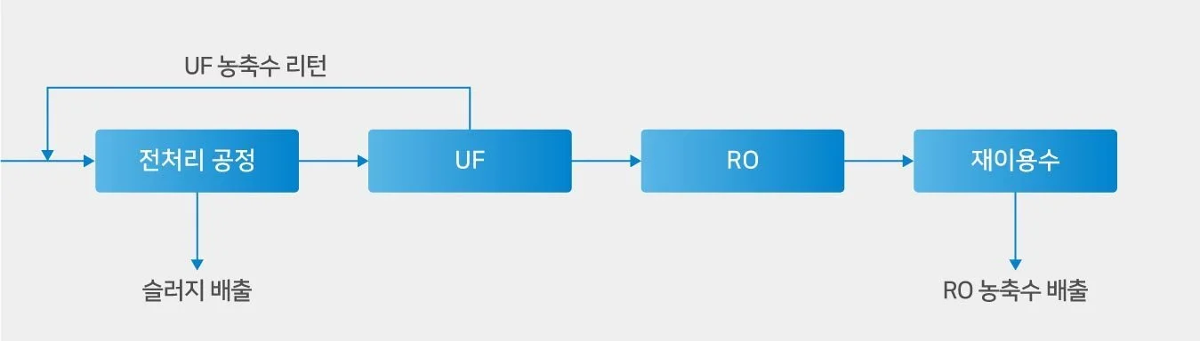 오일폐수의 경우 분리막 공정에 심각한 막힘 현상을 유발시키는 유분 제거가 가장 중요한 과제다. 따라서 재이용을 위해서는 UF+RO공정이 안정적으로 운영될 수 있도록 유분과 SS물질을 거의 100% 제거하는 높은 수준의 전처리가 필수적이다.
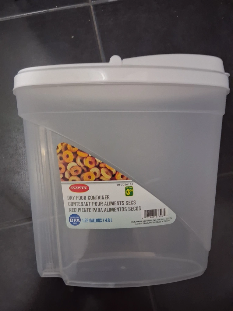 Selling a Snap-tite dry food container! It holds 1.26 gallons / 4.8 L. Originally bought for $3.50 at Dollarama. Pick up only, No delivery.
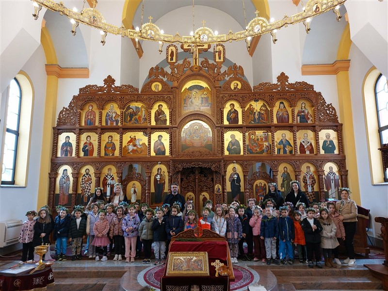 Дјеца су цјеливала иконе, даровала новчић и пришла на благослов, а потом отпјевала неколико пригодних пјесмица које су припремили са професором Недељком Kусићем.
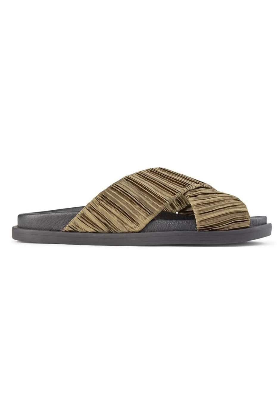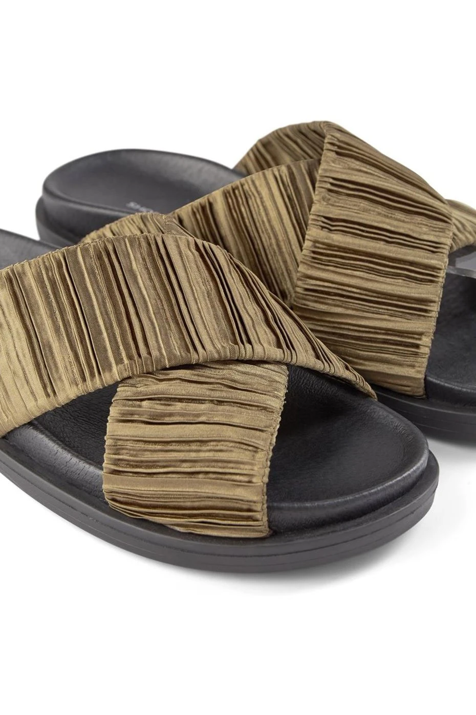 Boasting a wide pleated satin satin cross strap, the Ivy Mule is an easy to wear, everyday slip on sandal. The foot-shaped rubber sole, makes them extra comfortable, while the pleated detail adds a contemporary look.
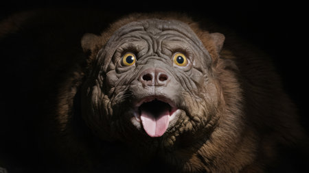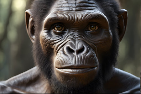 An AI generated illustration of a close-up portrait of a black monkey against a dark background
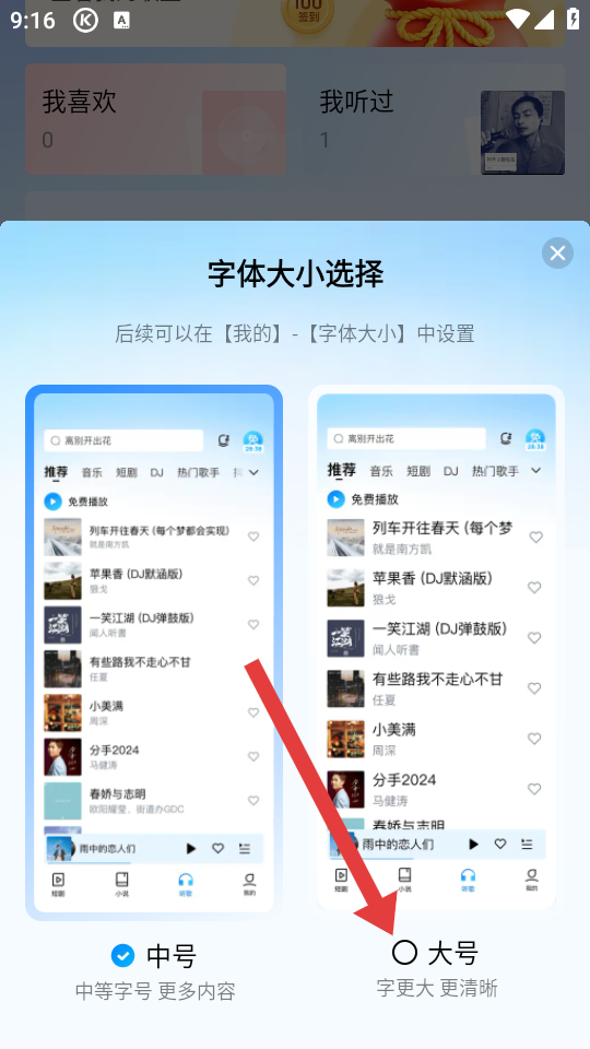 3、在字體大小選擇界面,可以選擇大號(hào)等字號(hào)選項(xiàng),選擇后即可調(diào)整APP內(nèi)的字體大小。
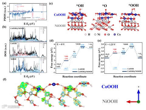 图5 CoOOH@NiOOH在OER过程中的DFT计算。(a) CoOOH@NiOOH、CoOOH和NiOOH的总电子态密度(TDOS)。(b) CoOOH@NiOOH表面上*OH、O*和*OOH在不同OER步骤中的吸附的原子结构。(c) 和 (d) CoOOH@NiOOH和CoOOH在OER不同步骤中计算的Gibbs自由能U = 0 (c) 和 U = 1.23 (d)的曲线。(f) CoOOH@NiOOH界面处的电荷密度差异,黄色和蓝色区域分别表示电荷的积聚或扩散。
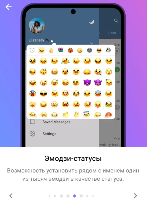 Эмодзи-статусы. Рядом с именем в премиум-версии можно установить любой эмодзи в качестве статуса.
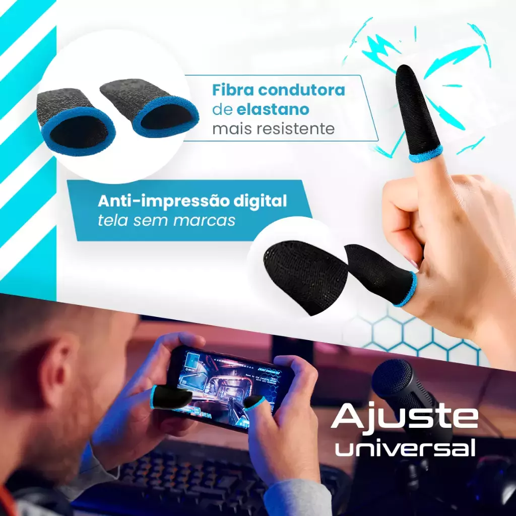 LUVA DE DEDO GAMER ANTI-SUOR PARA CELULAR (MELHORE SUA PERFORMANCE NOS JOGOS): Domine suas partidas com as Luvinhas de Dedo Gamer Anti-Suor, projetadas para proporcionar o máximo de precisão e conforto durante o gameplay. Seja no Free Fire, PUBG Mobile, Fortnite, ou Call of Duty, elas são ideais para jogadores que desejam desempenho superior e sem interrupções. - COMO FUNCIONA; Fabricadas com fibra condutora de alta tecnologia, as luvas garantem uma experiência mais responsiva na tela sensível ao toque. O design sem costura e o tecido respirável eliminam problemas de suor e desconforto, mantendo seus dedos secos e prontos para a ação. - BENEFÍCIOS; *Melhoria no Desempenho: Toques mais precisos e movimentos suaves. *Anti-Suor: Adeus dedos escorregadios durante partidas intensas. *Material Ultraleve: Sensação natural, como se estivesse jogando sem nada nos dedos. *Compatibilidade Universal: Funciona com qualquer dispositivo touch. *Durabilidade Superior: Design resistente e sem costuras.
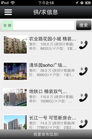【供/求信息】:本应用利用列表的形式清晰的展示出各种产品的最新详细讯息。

* * *

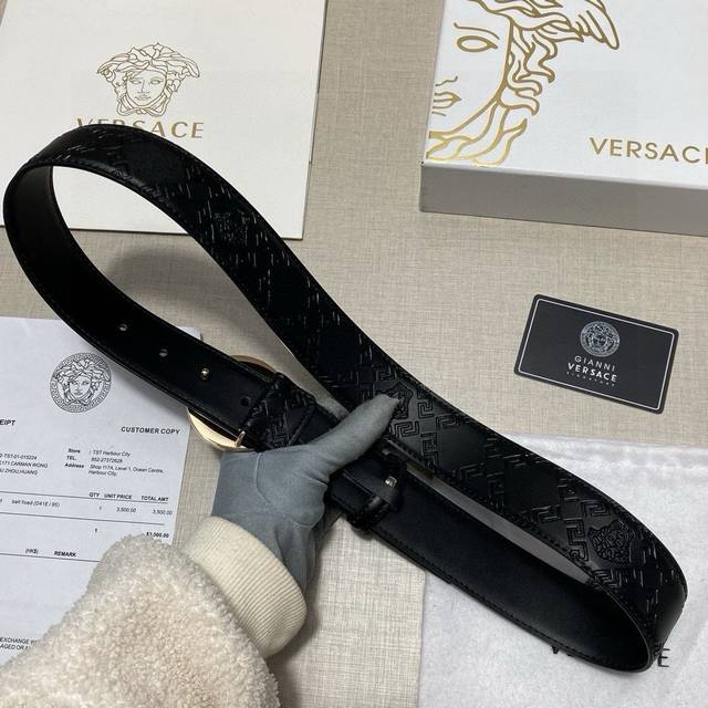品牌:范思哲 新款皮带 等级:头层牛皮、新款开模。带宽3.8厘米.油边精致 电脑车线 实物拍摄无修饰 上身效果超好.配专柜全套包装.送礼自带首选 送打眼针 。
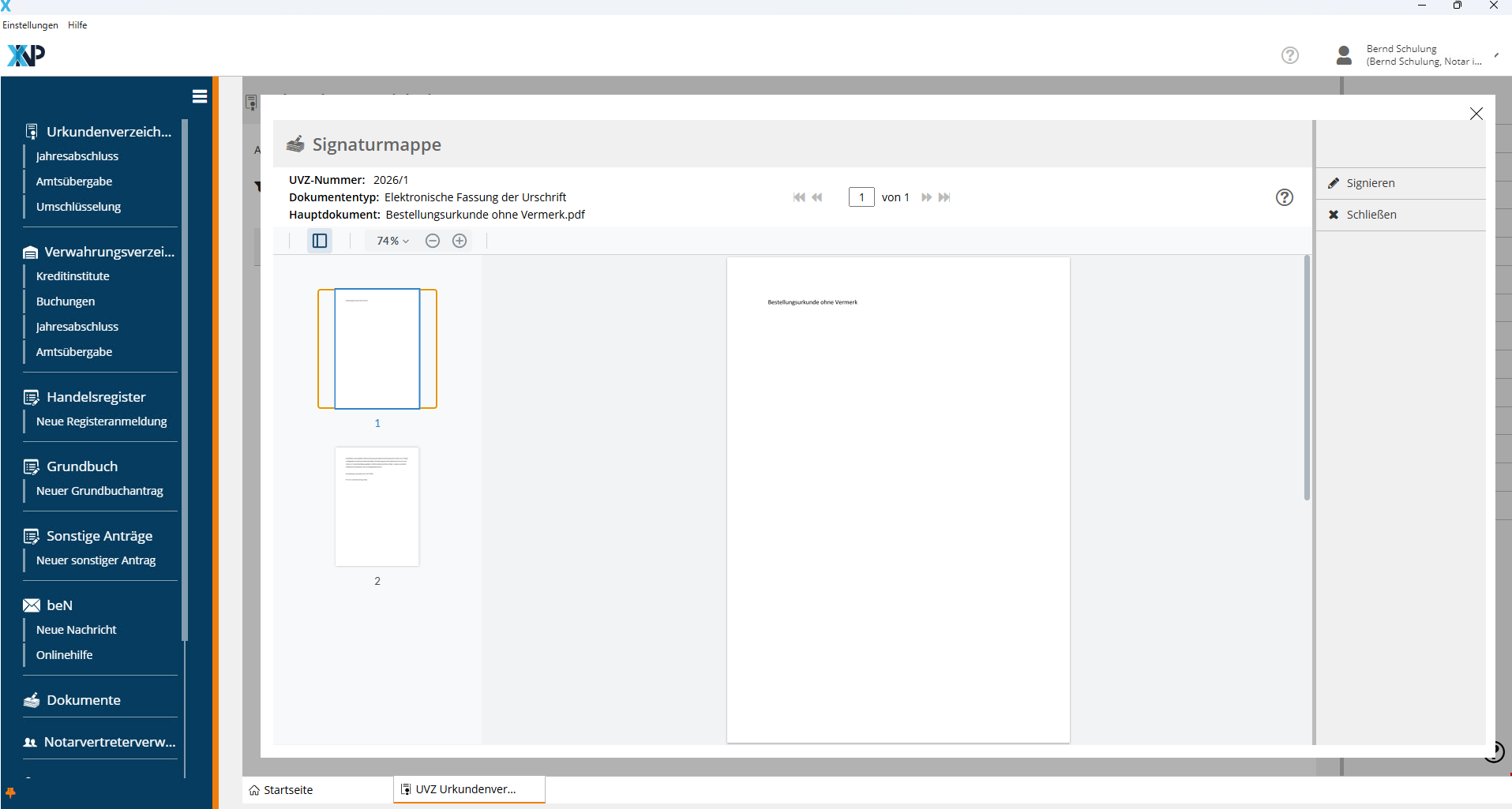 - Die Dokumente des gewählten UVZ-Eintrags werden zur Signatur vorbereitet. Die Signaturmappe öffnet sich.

* * *

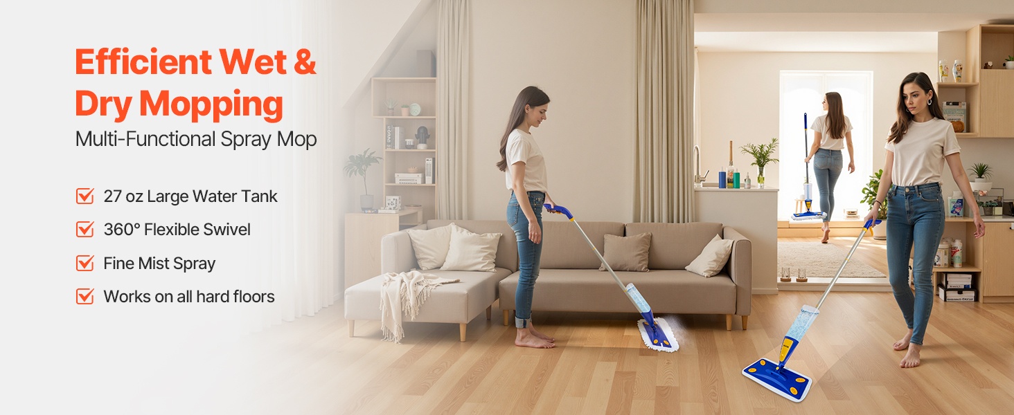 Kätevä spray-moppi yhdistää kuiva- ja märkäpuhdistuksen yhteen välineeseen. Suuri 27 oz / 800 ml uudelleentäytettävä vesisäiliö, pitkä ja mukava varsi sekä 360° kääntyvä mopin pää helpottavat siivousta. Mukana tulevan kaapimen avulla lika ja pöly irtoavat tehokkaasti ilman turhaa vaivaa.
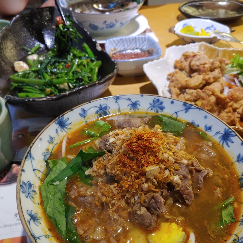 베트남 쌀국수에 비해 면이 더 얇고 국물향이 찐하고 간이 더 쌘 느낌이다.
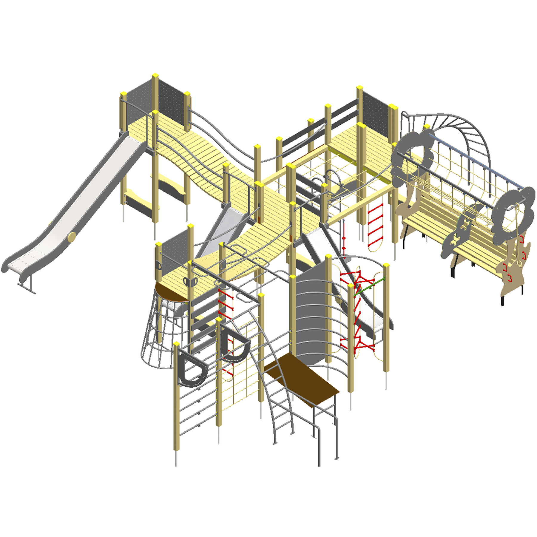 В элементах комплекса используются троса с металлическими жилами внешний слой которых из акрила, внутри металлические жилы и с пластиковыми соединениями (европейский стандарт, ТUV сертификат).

The problem: Within the listing above, write out the stretch from the line with "Selling a Snap-tite" through the line with "Эмодзи-статусы. Рядом с" exactly. Any pictures are to be left out.

Task response:
 Selling a Snap-tite dry food container! It holds 1.26 gallons / 4.8 L. Originally bought for $3.50 at Dollarama. Pick up only, No delivery.
 Дјеца су цјеливала иконе, даровала новчић и пришла на благослов, а потом отпјевала неколико пригодних пјесмица које су припремили са професором Недељком Kусићем.
 Boasting a wide pleated satin satin cross strap, the Ivy Mule is an easy to wear, everyday slip on sandal. The foot-shaped rubber sole, makes them extra comfortable, while the pleated detail adds a contemporary look.
 An AI generated illustration of a close-up portrait of a black monkey against a dark background
 3、在字體大小選擇界面,可以選擇大號(hào)等字號(hào)選項(xiàng),選擇后即可調(diào)整APP內(nèi)的字體大小。
 图5 CoOOH@NiOOH在OER过程中的DFT计算。(a) CoOOH@NiOOH、CoOOH和NiOOH的总电子态密度(TDOS)。(b) CoOOH@NiOOH表面上*OH、O*和*OOH在不同OER步骤中的吸附的原子结构。(c) 和 (d) CoOOH@NiOOH和CoOOH在OER不同步骤中计算的Gibbs自由能U = 0 (c) 和 U = 1.23 (d)的曲线。(f) CoOOH@NiOOH界面处的电荷密度差异,黄色和蓝色区域分别表示电荷的积聚或扩散。
 Эмодзи-статусы. Рядом с именем в премиум-версии можно установить любой эмодзи в качестве статуса.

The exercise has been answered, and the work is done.